Когда полицейский ушел, Рива повалилась на ковер. Аддисон не стал пытаться ее поднимать. Он сел на диван, сложил руки на коленях и склонил голову. Взглянув на него, Рива увидела слезы, катящиеся по щекам старика. Она подошла к нему и тоже села. Оба дрожали, отказываясь верить в произошедшее.
Дни и ночи ее разрывало от горя. Их брак не продлился и восьми месяцев. Прежде ей казалось, что она уже испила чашу горя, когда Бобби бросил ее ради той американки. Ничего подобного. Пока он был жив и здоров, это даже не называлось горем. Утрата – да, предательство – да. И гнев. Но не горе, не это разъедающее чувство, когда случается невозможное и ты сознаёшь: самого любимого, самого дорогого для тебя человека больше нет. Этот человек лишился тела. Он уже не может ходить, говорить, дышать, есть и дарить тебе радости в постели. Рива кружила по квартире, не в силах остановиться. Она молила о чуде: вот сейчас она обернется и увидит, как он сидит и улыбается. Она жаждала его прикосновения. Телесно. Ментально. Эмоционально. Всего лишь легкое прикосновение его руки к ее щеке, когда он проходил мимо, а она сидела, погруженная в книгу. Этого было бы достаточно.

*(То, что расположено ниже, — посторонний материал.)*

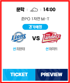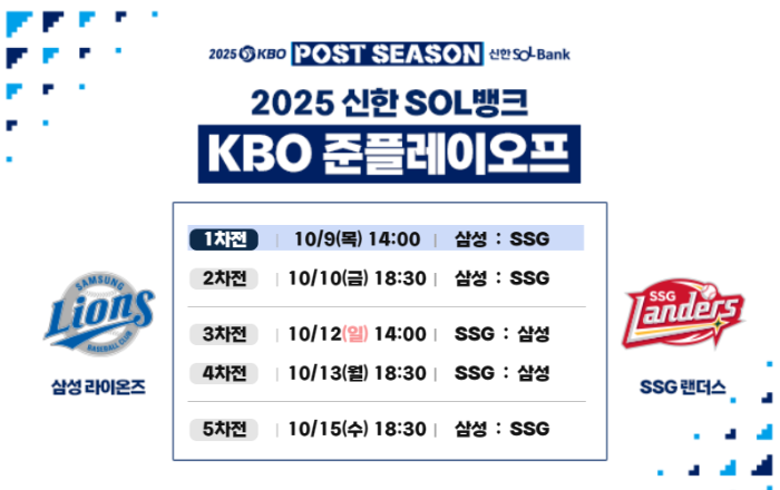 이번 준플레이오프는 SSG 랜더스(3위) vs 삼성 라이온즈(와일드카드 승자, 4위).

– Но почему Бобби? – кричала она, обращаясь к стенам, его стулу, их кровати. – Почему?
В ответ – молчание. Для смерти не существовало правил. Не было формулы, позволяющей пережить боль, когда время скользило между днем и ночью. Без передышки.
Как-то утром к ней заглянул Аддисон:
– Я организовал похороны. Надеюсь, все пройдет как нужно.
Риву передернуло. Ей была ненавистна сама мысль о похоронах.
– Вряд ли я буду присутствовать. Поймите меня. О том, что мы женаты, знали не многие. Я не смогу удержаться от слез. Люди начнут глазеть. Бобби это не понравилось бы.
– Понимаю тебя. Я уже сообщил его матери. Ее на похоронах тоже не будет… по вполне понятным причинам. О надгробном камне мы поговорим потом.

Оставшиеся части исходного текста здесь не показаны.